Rack::Builder implements a small DSL to iteratively construct Rack applications.
it provides three instance methods to construct a rack app - run, use and map.
run allows you to specify your app which will be wrapped by Rack::Builder use allows you to stack middleware on top the app you specified with run map allows to map various apps and middlewares to specific paths.
@cyx provided us all a link to an (article)[http://cyrildavid.com/articles/2012/02/16/composing-apps] and gave an example of how to use map to compose an app made up of several other apps.
map "/blog" do
run Blog
end
map "/support" do
run Support
end
map "/docs" do
run Docs
end
Here we see we use Rack::Builder to create a website for a company split up into 3 seperate apps, each for blog, docs and support.

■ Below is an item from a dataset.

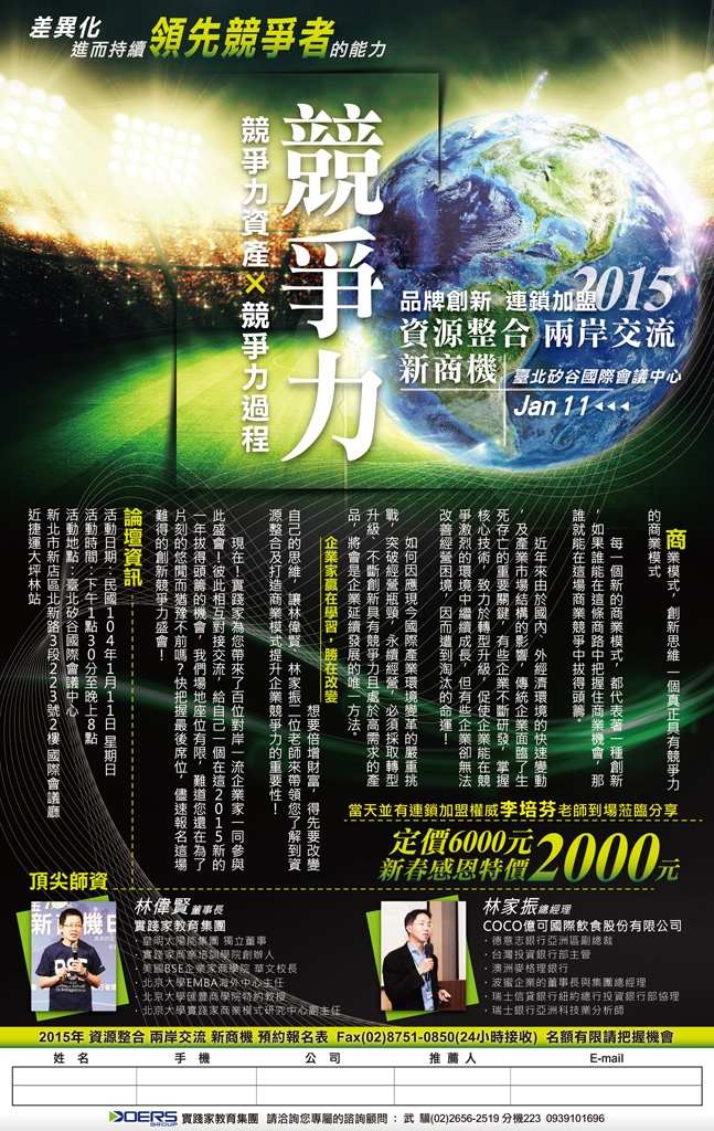 現在!實踐家為您帶來了百位對岸一流企業家一同參與此盛會!彼此相互對接交流,給自己一個在這2015新的一年拔得頭籌的機會,我們場地座位有限,難道您還在為了片刻的悠閒而猶豫不前嗎?快把握最後席位,儘速報名這場難得的創新競爭力盛會!

Note that Rack::Builder.run { blah } doesnt actually run a server or anything (right?) it simply wraps the passed code. To get the servers started you would do something like this
Rack::Handler::Mongrel.run Rack::Builder.run Proc.new{ [response, header, body] }, :port => 9879
heres an example of Rack::Builder in use from the (Rack docs) [http://rack.rubyforge.org/doc/classes/Rack/Builder.html]
app = Rack::Builder.new {
use Rack::CommonLogger
use Rack::ShowExceptions
map "/lobster" do
use Rack::Lint
run Rack::Lobster.new
end
}
Ok continuing
so we got ourselves as yet to be configured Rack::Builder object.
So back in
def self.define(&block)
app.run new(&block)
end
this is where we pass our app to rackbuilder.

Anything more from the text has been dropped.